To count the number of TCG instructions we need only to iterate over the ops in the TCGContext and them store the result in the code.num_tcg_inst.

tcg/tcg.c:

int tcg_gen_code(TCGContext *s, TranslationBlock *tb)
  ....
  int n = 0;
  QTAILQ_FOREACH(op, &s->ops, link) {
      n++;
  }
  tb->tb_stats->code.num_tcg_inst = n;
  ....

Controling and Dump TBStatistics

We added the -d hot_tbs which activates the collection of statistics of the TBs. In linux-user mode the hottest blocks are dumped at the end of the execution and they can be limited by passing a value just as: -d hot_tbs:value.

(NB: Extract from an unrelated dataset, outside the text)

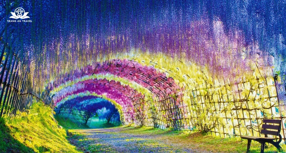 Kawachi Fujien biết đến với đường hầm hoa tử đằng nổi tiếng bậc nhất Nhật Bản. Nơi đây sở hữu hơn 150 cây hoa tử đằng thuộc 20 giống khác nhau, tạo nên bức tranh đầy màu sắc khi bước vào mùa nở rộ. Con đường tạo nên từ những chùm hoa phủ kín phía trên sẽ đưa bạn vào không gian như mơ, khó lòng rời mắt.

When in the system emulation mode, the collection of the statistics can be delayed and initiated using an HPM command: start_stats.

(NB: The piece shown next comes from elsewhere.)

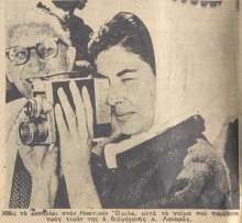 Η Σοράγια (1932-2001),  η "μελαγχολική πριγκίπισσα", υπήρξε δεύτερη γυναίκα του Σάχη της Περσίας Μοχαμάντ Ρεζά Παχλεβί, με τον οποίο την έδεσε, όπως λέγεται, ένας κεραυνοβόλος έρωτας αλλά την απομάκρυνε ένας υποχρεωτικός χωρισμός, καθώς δεν μπορούσε να του χαρίσει διάδοχο. Έτσι τον Φεβρουάριο του 1958 εγκατέλειψε το Ιράν και έζησε σε διάφορες χώρες προσπαθώντας να κάνει, χωρίς επιτυχία προφανώς, καριέρα στο σινεμά. Ανάμεσα στα ταξίδια της, προς τα τέλη Μαϊου το 1960, και για δύο εβδομάδες, βρέθηκε και στην Αθήνα, προσκεκλημένη της παλιάς της συμμαθήτριας σε κολέγιο της Ελβετίας και φίλης της, Νάντυς Νικολούδη. Τροφοδότησε έτσι με αρκετό υλικό τον Τύπο εκείνης της εποχής: δηλώσεις, φωτογραφίες από εκδρομές στο Σούνιο, αξιοπρεπή ταγκό με τον τότε αντιπρόεδρο της κυβέρνησης, Π. Κανελλόπουλο και το στιγμιότυπο που βλέπετε εδώ. Η Σοράγια κρατάει μια ερασιτεχνική μηχανή λήψης (μάλλον 16mm) με το μάτι της κολλημένο στο βιζέρ. Να ήταν μια "στημένη" πόζα προκειμένου να υπομνησθούν οι κινηματογραφικές της φιλοδοξίες; Ή ένα αυθόρμητο ενσταντανέ, η αυθόρμητη κίνηση μιας οποιασδήποτε τουρίστριας να συλλάβει μέσα από τη μηχανή της κάτι που την εντυπωσίασε; Να ήταν δική της η μηχανή λήψης ή να της την είχε δανείσει κάποιος από τους Έλληνες οικοδεσπότες της; Όποια και να είναι η απάντηση, ευχόμαστε να υπάρχουν και να εντοπιστούν κάπου, κάποτε, αυτά τα εφήμερα φιλμάκια της θλιμμένης πριγκίπισσας.

The command dfilter can also be used to limit the addresses in which the statistics will be collected and dumped.

To list the hottest TBs the command info tbs can be used. This command can also receive as parameter the number of tbs to be dumped and by which metric it will be sorted: hotness, hg (host/guest), or spills. Follows an example of the output:

info tbs
TB id:1 | phys:0x34d54 virt:0x0000000000034d54 flags:0x0000f0
	| exec:4828932/0 guest inst cov:16.38%
	| trans:1 ints: g:3 op:82 op_opt:34 spills:3
	| h/g (host bytes / guest insts): 90.666664
	| time to gen at 2.4GHz => code:3150.83(ns) IR:712.08(ns)
	| targets: 0x0000000000034d5e (id:11), 0x0000000000034d0d (id:2)

TB id:2 | phys:0x34d0d virt:0x0000000000034d0d flags:0x0000f0
	| exec:4825842/0 guest inst cov:21.82%
	| trans:1 ints: g:4 op:80 op_opt:38 spills:2
	| h/g (host bytes / guest insts): 84.000000
	| time to gen at 2.4GHz => code:3362.92(ns) IR:793.75(ns)
	| targets: 0x0000000000034d19 (id:12), 0x0000000000034d54 (id:1) 

TB id:3 | phys:0xec1c1 virt:0x00000000000ec1c1 flags:0x0000b0
	| exec:872032/0 guest inst cov:1.97%
	| trans:1 ints: g:2 op:56 op_opt:26 spills:1
	| h/g (host bytes / guest insts): 68.000000
	| time to gen at 2.4GHz => code:1692.08(ns) IR:473.75(ns)
	| targets: 0x00000000000ec1c5 (id:4), 0x00000000000ec1cb (id:13)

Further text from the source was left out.